Le risaie del nord Italia devono essere sommerse dall'acqua.  Invece, molti appassiscono e muoiono.  (David Bertuccio per The Washington Post)
Le risaie del nord Italia devono essere sommerse dall’acqua. Invece, molti appassiscono e muoiono. (David Bertuccio per The Washington Post)

Commento

VESPOLATE, Italia — Dopo un solo buon giorno di pioggia tutto l’anno, con temperature pomeridiane di nuovo vicine ai 100 gradi, Fabrizio Rizzotti si è diretto verso i suoi campi: 220 acri di riso, una pianta che cresce sommersa nell’acqua.

Non ha bisogno delle sue scarpe.

Gli steli di risaia erano asciutti e rachitici. Nel campo, senza acqua fertile, si sgretolò sotto i piedi. Rizzotti, un coltivatore di riso di settima generazione, ha detto che la risaia era già morta – “Non ne uscirà nemmeno un riso”, ha detto – e poi ha indicato un campo vicino, leggermente più verde e molto necessario. Acqua.
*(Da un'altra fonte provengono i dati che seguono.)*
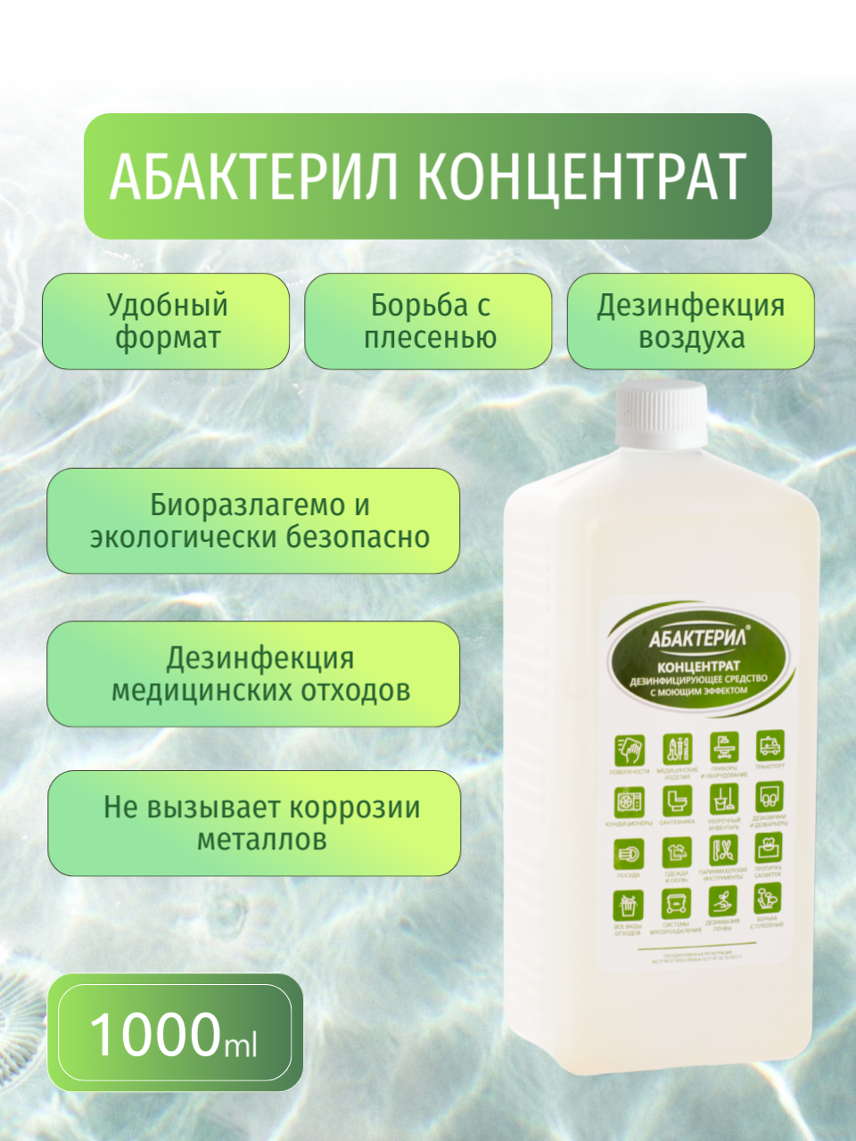 10 цен на 2 шт. Абактерил концентрат 1л дезинфицирующее средство с вирулицидной активностью ГОСТ 12.1.007-76

“Tra pochi giorni morirà anche quel campo”, ha detto. “Fa girare lo stomaco.”

Pochi luoghi sono stati colpiti più direttamente dalla dura estate dell’Europa del nord Italia, dove l’estrema siccità ha prosciugato un grande fiume, provocato lo stato di emergenza e lasciato i famosi paesaggi agricoli del paese in gravi difficoltà. La siccità fa rimpiangere agli italiani le cose che danno per scontate: non solo le verdi risaie comuni alla regione, ma anche i cibi che ne derivano. Soprattutto il risotto.


Stimare quanta acqua

Evaporazione dalla superficie terrestre

Vegetazione, rispetto al normale.

In media da inizio giugno a luglio.

Stimare quanta acqua

Evaporazione dalla superficie terrestre

Vegetazione, rispetto al normale.

In media da inizio giugno a luglio.

Stimare quanta acqua evapora dalla superficie terrestre e dalle piante,

rispetto al normale. In media da inizio giugno a luglio.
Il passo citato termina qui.